I'm trying to write a function in Apple Swift (iOS) that will generate any given number of unique random numbers that are within a given open range, say between 0 and 10. Therefore, if I say that I want 5 unique random numbers between 0 and 10, it will return an array with [7, 10, 2, 3, 0] or [7, 10, 2, 8, 0], etc.

I have this part working with:

// Returns an array of unique numbers
func uniqueRandoms(numberOfRandoms: Int, minNum: Int, maxNum: UInt32) -> [Int] {

    var uniqueNumbers = [Int]()

    while uniqueNumbers.count < numberOfRandoms {

        let randomNumber = Int(arc4random_uniform(maxNum + 1)) + minNum
        var found = false

        for var index = 0; index < uniqueNumbers.count; ++index {
                if uniqueNumbers[index] == randomNumber {
                    found = true
                    break
                }
        }

        if found == false {
            uniqueNumbers.append(randomNumber)
        }

    }

    return uniqueNumbers
}

print(uniqueRandoms(5, minNum: 0, maxNum: 10))

Now I want to add the ability to blacklist a single number within this range, which I do not want. Let's say I still want 5 unique random numbers from 0 to 10, but I don't want it to ever include 8.

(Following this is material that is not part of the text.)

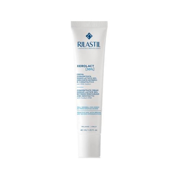 Rilastil Xerolact Concentrate Cream Sodium Lactate 30% is a highly restitutive and emollient treatment specific to reduce the accumulations of stratum corneum and contrast severe localized hyperkeratosis.
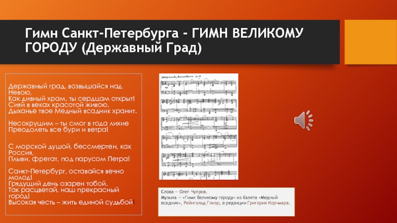 Музыка — «Гимн Великому городу» из балета «Медный всадник», Рейнгольд Глиэр, в редакции Григория Корчмара.

This part causes an infinite loop (25% + time or more), and I can’t understand why? Here is what I have:

var blackListNum = 8

// Returns an array of unique numbers
func uniqueRandoms(numberOfRandoms: Int, minNum: Int, maxNum: UInt32, checkBlackList: Bool = false) -> [Int] {

    var uniqueNumbers = [Int]()

    while uniqueNumbers.count < numberOfRandoms {

        let randomNumber = Int(arc4random_uniform(maxNum + 1)) + minNum
        var found = false

        for var index = 0; index < uniqueNumbers.count; ++index {
            if checkBlackList == false {
                if uniqueNumbers[index] == randomNumber {
                    found = true
                    break
                }
            } else {
                if uniqueNumbers[index] == randomNumber || uniqueNumbers[index] == blackListNum  {
                    found = true
                    break
                }
            }
        }

        if found == false {
            uniqueNumbers.append(randomNumber)
        }

    }

    return uniqueNumbers
}

print(uniqueRandoms(5, minNum: 0, maxNum: 10, checkBlackList: true))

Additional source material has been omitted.